Most people don’t seem to want to know this. (Hell, I don’t really want to know it myself, to be quite honest, but the problem is, once I know something like that, I’m not very good at un-knowing it, if you know what I mean.)
Okay, so now I’m asking myself to be brutally honest about not knowing, & what I myself have on occasion resisted knowing.
I do remember that OUAT (once upon a time) I found out something about my father that kinda threw me off & pointed pretty strongly in the direction of his having been not just obnoxious and well, pretty horrid & mean ... but actually probably crazy.
Gotta admit, I think it took me a couple years to really absorb (& articulate) that uncomfortable little truth. When I did spit it out, finally, a couple of years later, it was as I repeated the story out loud that the insight finally landed in my guts with a thud. (I’ve written before about the power of speaking words out loud.) That moment – that repeating of the story about our father to my sister – was definitely an “Ah-ha” moment for me, in a) acknowledging that our father’s unpleasantness was, um, maybe more than just strictly unpleasant-ness,(1)& b) the unique power of saying words out loud to others in order to bring them home to myself – & to feel a powerful insight sparking as the words were flying out of my mouth.
Well. Clearly it is easier for people to just refuse to know things, isn’t it? Denial means much less work, much less effort. It’s the “no change” option, hmmmm? It does miss the critical truth, though, that just about the only constant any of us can count on in our lives, & on this planet, is, in fact, change. Stuff is just plain changing all the time, whether we like it or not. (Clearly we mostly don’t like it, so it seems, but there it is, hmmm? We pretty much just have to suck it up.)
As Joanna Macy once said “We do not need to protect ourselves from change, for our very nature is change.”(2)
Another time she’d said “Grace happens when we act with others on behalf of our world.”(3) (I’ve always found this to be true, btw.)
&, just in case anyone is worried that learning the truth is going to make us all start falling apart all over the place (I kinda get that we can fear that; I sort of sometimes fear that myself), she has also said “It is good to realize that falling apart is not such a bad thing. Indeed, it is as essential to evolutionary and psychological transformation as the cracking of outgrown shells.”(4)
Here’s my sort of prayer for 2012: May we all become more & more & more open to truth…more & more conscious…& less & less afraid of change…growth…& transformation.
P.S. Despair is nasty.
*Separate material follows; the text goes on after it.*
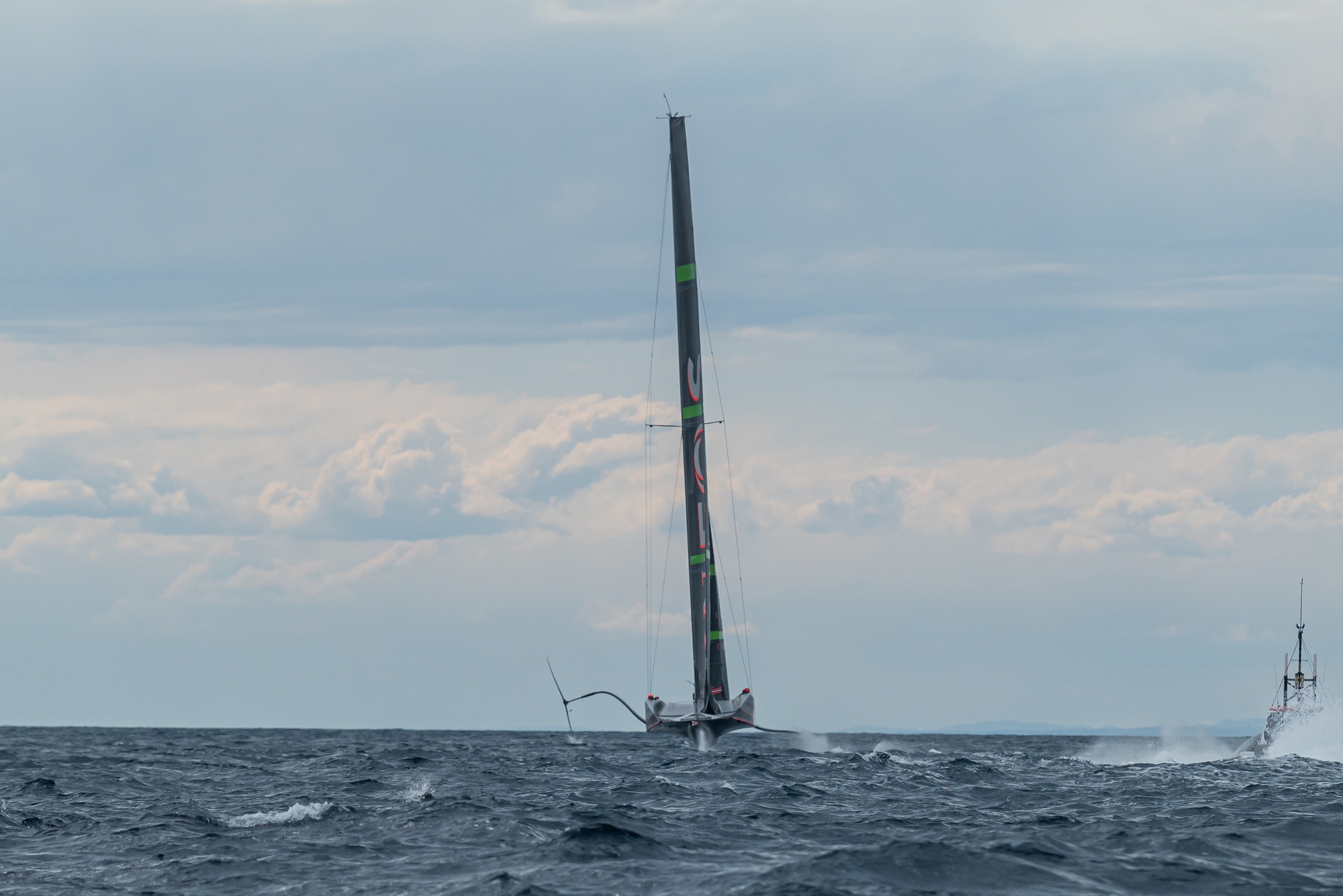 INEOS Britannia had some problems hoisting the J5-1 - the first time this jib was being hoisted so they needed time to adjust all the settings. When they were ready to sail, the wind shifted to TWD 240° and was quite gusty in between 10 and 16 + knots. The wave state also increased a little bit more. RB3 foiled for three long upwind tacks with the J5-1 jib at stable speeds of 30+ knots. They did two touchdown tacks and then by the beginning of the third tack we could see the boat foiling suddenly quite high but under control. They stopped, had a quick briefing with the Chase Boat and started dropping the sails at 17:15. Around 17:35 the Chase Boat started towing the boat back to the base and dock in was complete at 18:20. Jose Piñana - AC Recon

Joanna Macy is not unaware of this, & has in fact done extensive work on what she & colleagues call “despair and empowerment.” I attended a very memorable despair & empowerment workshop run by her colleague John Seed & blogged about it here.
P.P.S. Writing this has helped me understand that yes, indeed, sometimes there are things we do really need to know, but we really don’t want to know them. I get it, I get it, I get it…
P.P.P.S. The post 'Atomic Towns' may be of interest.
‘Quote of the day' with this post: “There is an almost gravitational pull toward putting out of mind unpleasant facts. And our collective ability to face painful facts is no greater than our personal one. We tune out, we turn away, we avoid. Finally we forget, and forget we have forgotten.” ~ Daniel Goleman, Ph.D.
Runner-up quote: “It is not the strongest of the species that survives, nor the one most intelligent, but the one most responsive to change.” – Charles Darwin
(1) Hmmm. I’m noticing here that I still don’t really like knowing this…
(2) World as Lover, World as Self – Courage for Global Justice and Ecological Renewal, Parallax Press, 2007, page 96.
(3) Joanna Macy & Molly Young Brown in Coming Back to Life – Practices to Reconnect Our Lives, Our World, New Society Publishers, 1998.
(4) World as Lover, World as Self – Courage for Global Justice and Ecological Renewal, Parallax Press, 2007, page 95.